2889 - Vision-Language-Action for humanoid robots
Vision-Language-Action (VLA) models are an emerging class of multi-modal large language models that enable robots to understand and execute complex verbal instructions [1,2,3]. These models integrate Vision-Language Models (VLMs), Large Language Models (LLMs), and imitation learning methods (often based on diffusion models) to combine language, vision, and action in a unified framework. The long-term goal is to develop generalist robots capable of performing virtually any task in any environment—ranging from factories to homes—based solely on natural language commands. For example, a user could instruct a robot to “make breakfast with some eggs and coffee and bring it to me,” or alternatively, “put all these items in a box, close the package, and send it to a client,” using the same robot and the same underlying policy.
The first objective of this internship is to evaluate open-source VLA systems (e.g., OpenVLA, Pi0) on real robotic platforms, starting with our Unitree G1 robot, integrating them with our whole-body stack, and potentially extending to our bimanual Tiago++ robot. These models will be fine-tuned using in-house data collected in the lab to improve performance in our specific scenarios.
The second objective is to enrich these models with force sensing data to improve the interactions with the environment.
Finally, the internship will explore any opportunity to push the state of the art in VLA-based robotics.

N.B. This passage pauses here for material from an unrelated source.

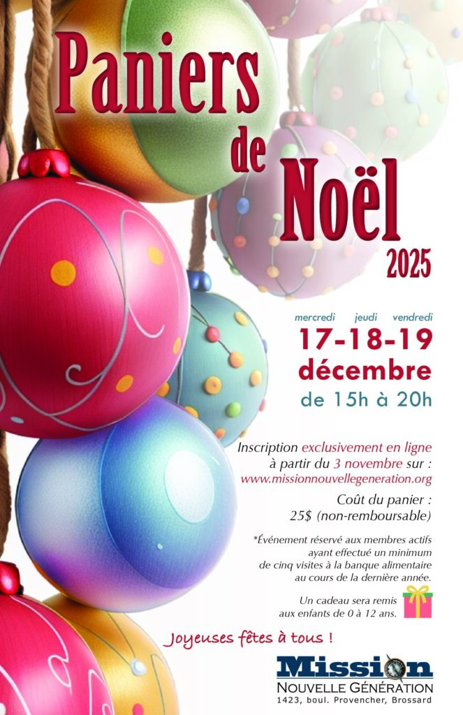 Nous sommes très heureux d’inviter tous les membres de la Banque alimentaire disposant d’une carte active à venir chercher leur billet pour un panier de Noël !

[1] Kim, Moo Jin, et al. 'OpenVLA: An open-source vision-language-action model.' arXiv preprint arXiv:2406.09246 (2024) - https://arxiv.org/pdf/2406.09246
[2] Black, Kevin, et al. '$\pi_0 $: A Vision-Language-Action Flow Model for General Robot Control.' arXiv preprint arXiv:2410.24164 (2024). - https://arxiv.org/pdf/2410.24164 - https://www.physicalintelligence.company/blog/pi0
[3] Pertsch, Karl, et al. 'Fast: Efficient action tokenization for vision-language-action models.' arXiv preprint arXiv:2501.09747 (2025) - https://arxiv.org/pdf/2501.09747
Required skills:
Languages: English (French is not required -- English is the main language of the team).